Note that $db->prepare() returns either a PDOStatement object or FALSE; if the latter you must call $db->errorInfo(). $db->query() always returns a Boolean; if it is FALSE then the explanation is at ($db->errorInfo())[2] (which expression is actually illegal in PHP; you need to break it up as I did in employee.php). Finally, $stmt->execute() also always returns a Boolean; if FALSE then the explanation is at $stmt->errorInfo(), item [2]. While they work the same way, $db->errorInfo() and $stmt->errorInfo() are methods of different classes.

Checking prepare(),etc results for equality with FALSE does not involve any kind of type shenanigans; these methods either return a PDOStatement object or a Boolean (you can't do that in Java, now, can you). (Checking $_POST['submit'] as if it were a Boolean does involve some built-in type casts; if the submit button was not defined then $_POST['submit'] is technically undefined, or maybe NULL.)

2. Note that your php file is executed from scratch on each web click. There's no easy way to store any state between clicks. In particular, you have to connect to the database each time.

3. While you can put PHP variables into print statements (including heredoc print statements)
    print ("<b>Error: $errormsg</b><p>\n");
you can not put expressions into print statements; that is, you can't do print("$db->errorInfo()<p>/n").

You also apparently cannot even do this:
    $errmsg = ($db->$errorInfo())[2];
You have to break up the method call and the array access to separate statements:
    $errArray = $db->$errorInfo();
    $errmsg = $errArray[2];


4. I updated de_ralph($db).

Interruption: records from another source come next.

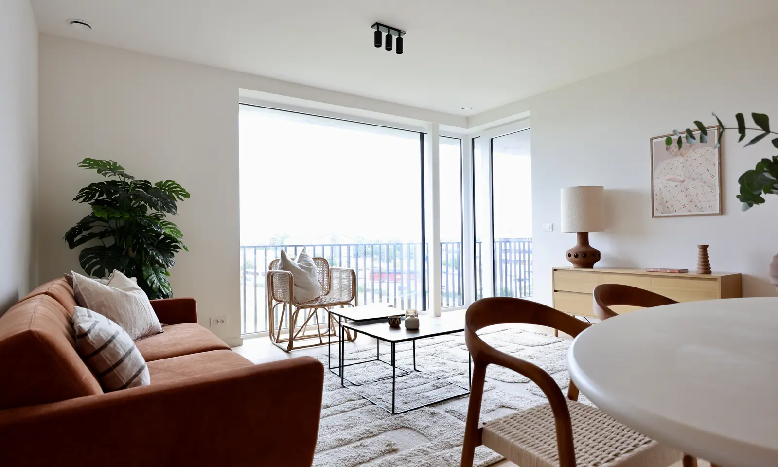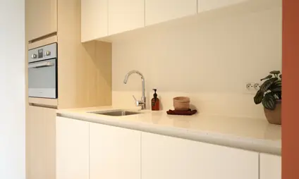 Het kijkappartement beschikt over een lichtrijke leefruimte met open keuken. De afwerking op maat is van onberispelijke kwaliteit.
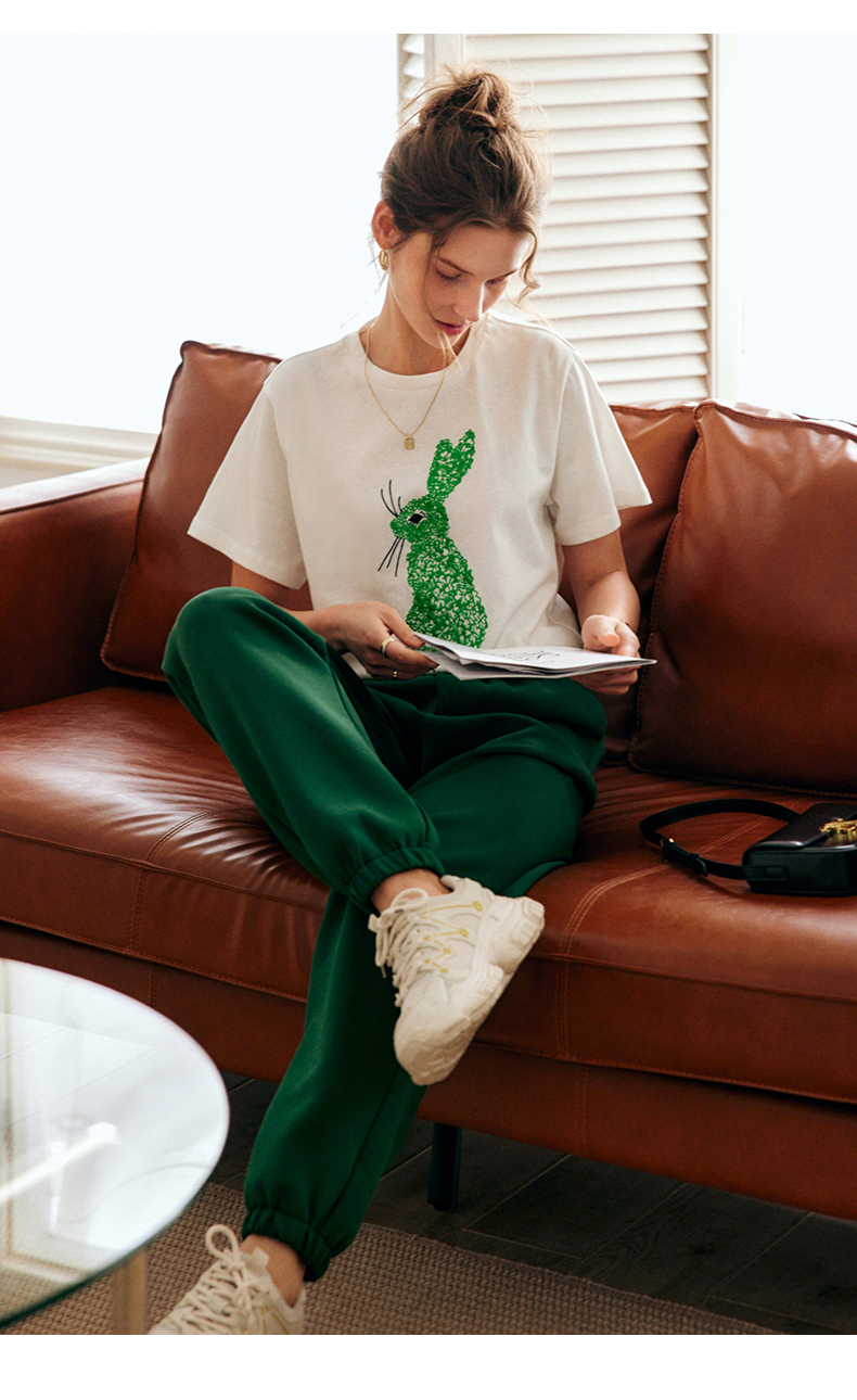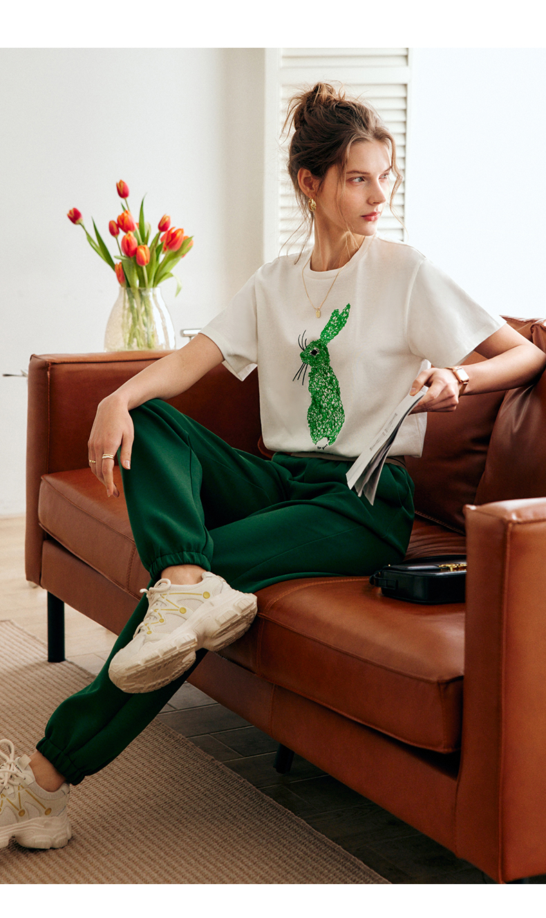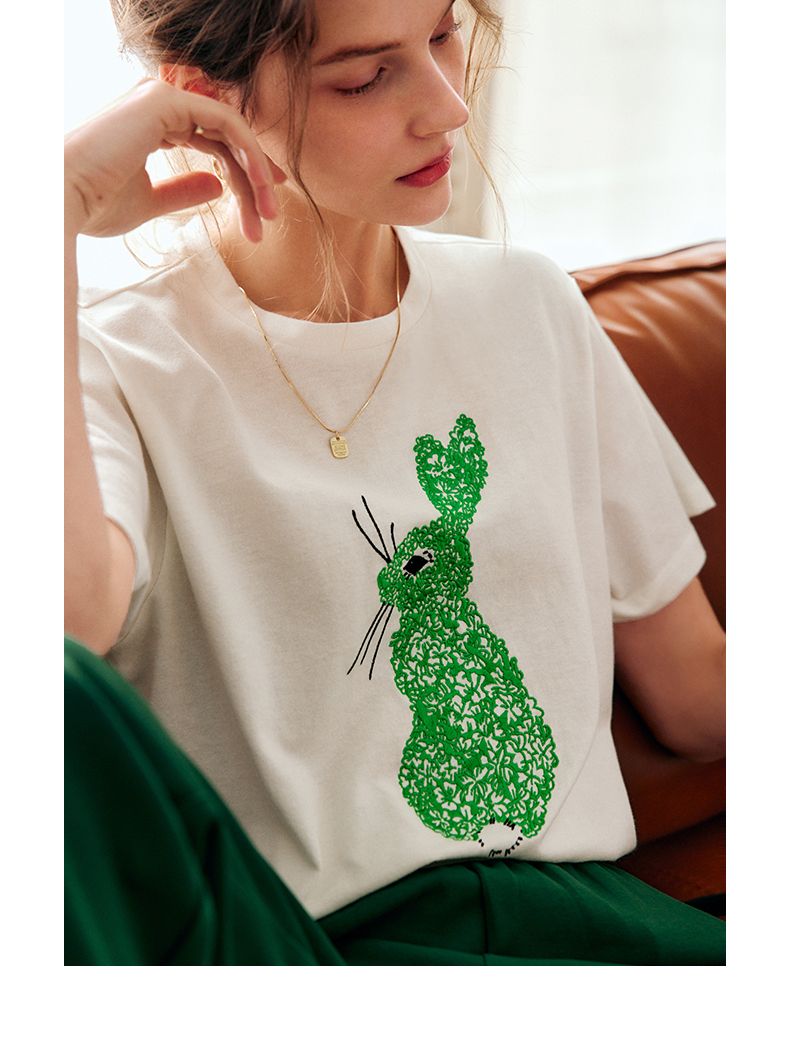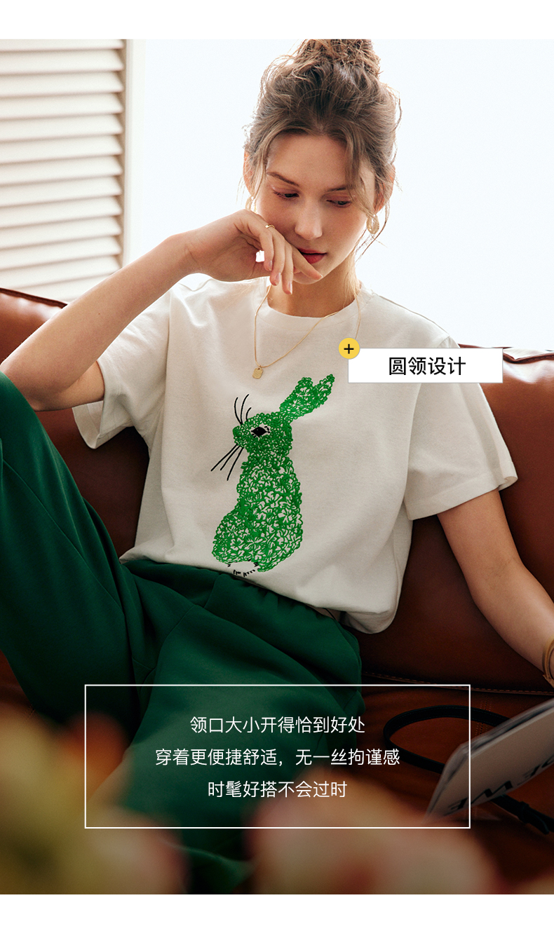 OLrain欧芮儿灰色短袖T恤女春季2025新款高级感通勤趣味刺绣上衣
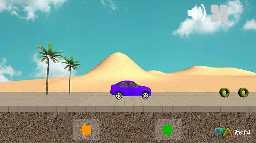 Great trip for kids is a unique race for the youngest users of smartphones - toddlers from 1 year. Imagine your little clever and will be able to choose the machine where to go, and also to travel to different places and studying different subjects, for example, the mill will be able to go up the hill and down into the cave, take a ride on the Elevator, feel the charm of the descending bridge, and learn about different geometric shapes that turn into fireworks of colorful splashes. Only 2 levels but how many emotions! The first level of the mountains and plains, and the second is a desert with palm trees! The feature of the game is that the control is specially adapted for ease and simplicity, so that your child will easily be able to beat the game!

The new version restores table employee from table employeebackup, which, of course, must exist for this to work.

I also had to turn off FK checking ("set foreign_key_checks=0"). You only need to do this if you create the tables using innodb, which I recommend. I had four steps:
  1. set foreign_key_checks=0
  2. delete from employee
  3. insert into employee select * from employeebackup
  4. set foreign_key_checks=1
I strung all these together into one monster query and sent that off to MySQL. The new problem is that my error-checking only reports errors from the last query in the chain, but if anything is going to go wrong it is #2, "delete from employee", which will break some FK constraints. I should have done each one separately, or at least #2.

In light of all this, the default de_ralph() on the web page is still the old one.

By the way, the above can still break FK constraints even if it executes properly. How?


5. I have a simple makeSelectMenu. In the form makeSelectMenuString, it returns a string that you can put into a heredoc block. The parameters for makeSelectMenuString are the form-object name (used for retrieving POSTed data) and an array of values. Here's an example creation of an array of department numbers:
$query = "select dnumber from department";
$retstmt = $db->query($query);
if ($retstmt == FALSE) { /* usual error-checking */ }
$values = $retstmt->fetchAll(PDO::FETCH_COLUMN);
$menustring = makeSelectMenuString("dno", $values);

You may be asked to modify this for the project.